Launching kernels with „replaceable“ constants

I am trying to program an convolution-filter, which I will use at several places in my project. But with different operator-masks, that will also have different sizes.

My first approach looks like the following code.
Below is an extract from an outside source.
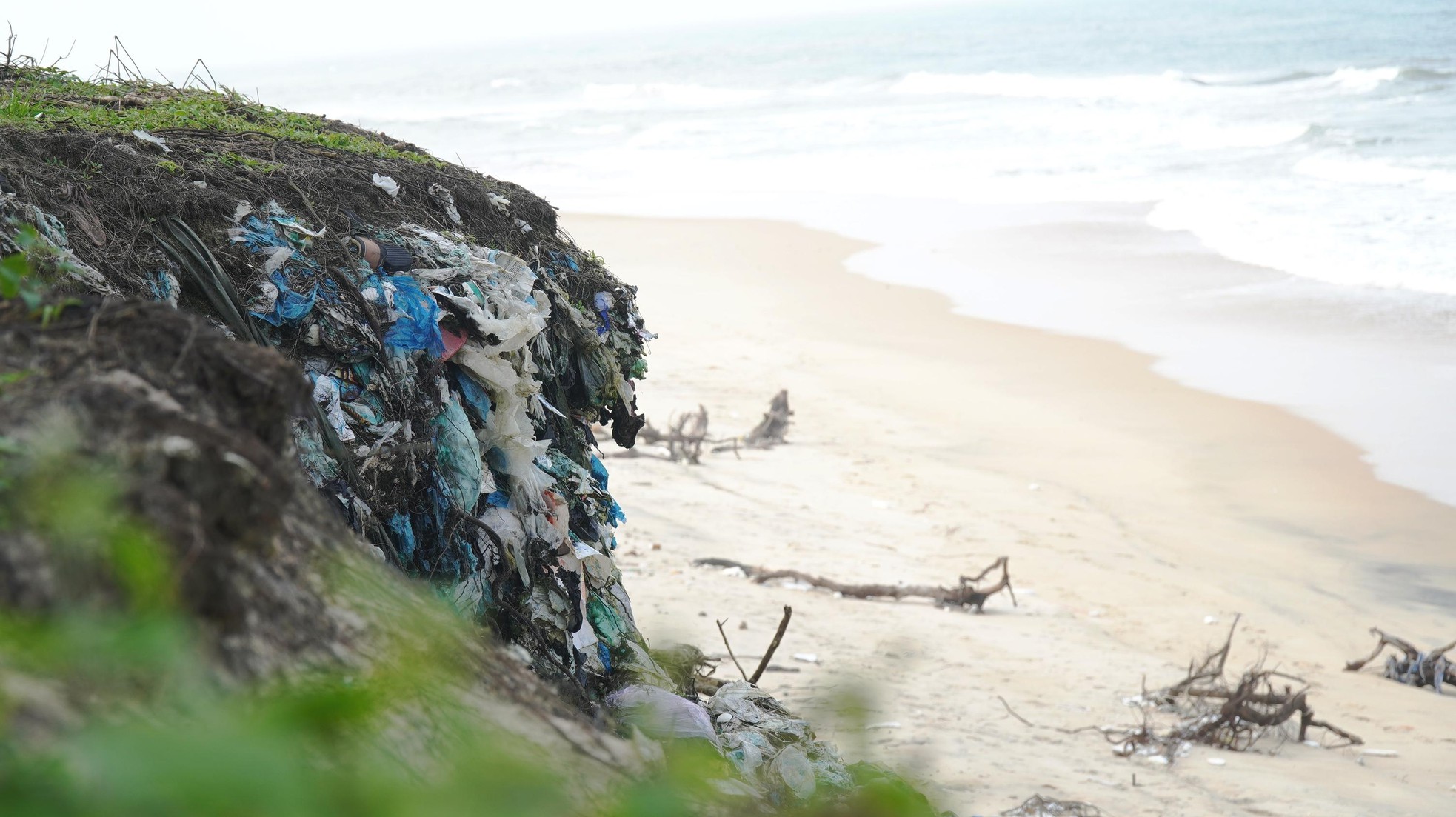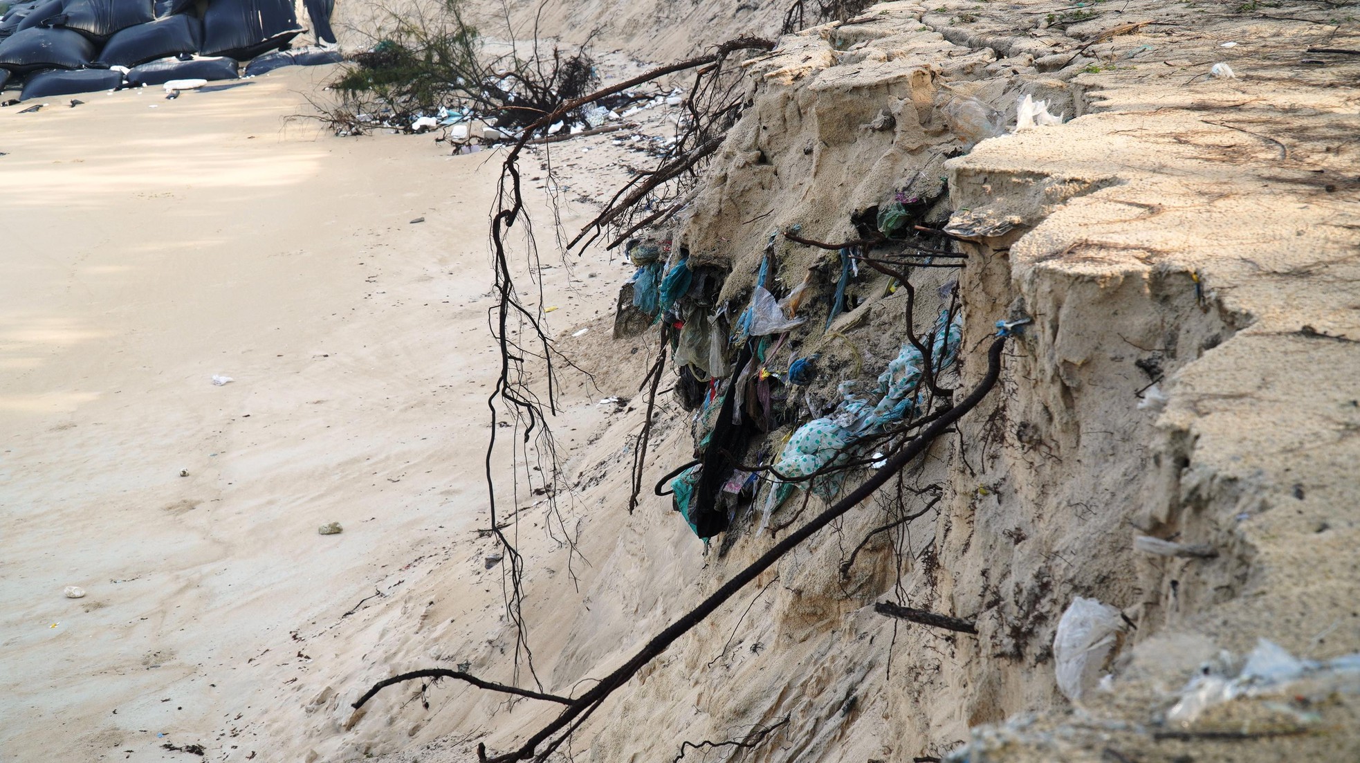 Rùng mình bãi chôn lấp rác thải cũ bỗng lộ thiên ‘treo’ lơ lửng bên bờ biển

NCC compiles it without error, but the kernel execution fails:

__constant__ float OperatorMask[25];

__global__ void ImageConvolution(uchar4* pResult, int rX, int rY, float OperatorMask[] )


  const int ix = blockDim.x * blockIdx.x + threadIdx.x;

  const int iy = blockDim.y * blockIdx.y + threadIdx.y;


  const float x = (float)ix + 0.5f;

  const float y = (float)iy + 0.5f;

 float4 tempResVal = {0, 0, 0, 0};

  int index = 0;


  for(float j = -rY; j <= rY; j++)


    for(float i = -rX; i <= rX; i++)


      float4 aktTexel = FromUchar4(tex2D(texRef_Image_1, x+i , y+j ));

      tempResVal.x += ( aktTexel.x * OperatorMask[index] );

      tempResVal.y += ( aktTexel.y * OperatorMask[index] );

      tempResVal.z += ( aktTexel.z * OperatorMask[index] );




  *(pResult + iy * 704 + ix) = FromFloat4(tempResVal);


float op[5][5] = 

  { { 0, 0, 1, 0, 0},

    { 0, 1, 2, 1, 0},

    { 1, 2, 6, 2, 1},

    { 0, 1, 2, 1, 0},

    { 0, 0, 1, 0, 0} };

cudaMemcpyToSymbol(OperatorMask, op, sizeof(op));


     (tempIamge_2_uchar4, 2, 2, OperatorMask);


Does anyone have an idea, how to create a kernel, where I can “insert” different OperatorMask’s without changing the code of the kernel? (e.g. operator-masks of the size 3x3 or 6x6)

Thanks for your help!

When you write

__constant__ float OperatorMask[25];

you reserve an array of 25 floats in device constant memory. Then you copy values to the memory with cudaMemcpyToSymbol().So far so good.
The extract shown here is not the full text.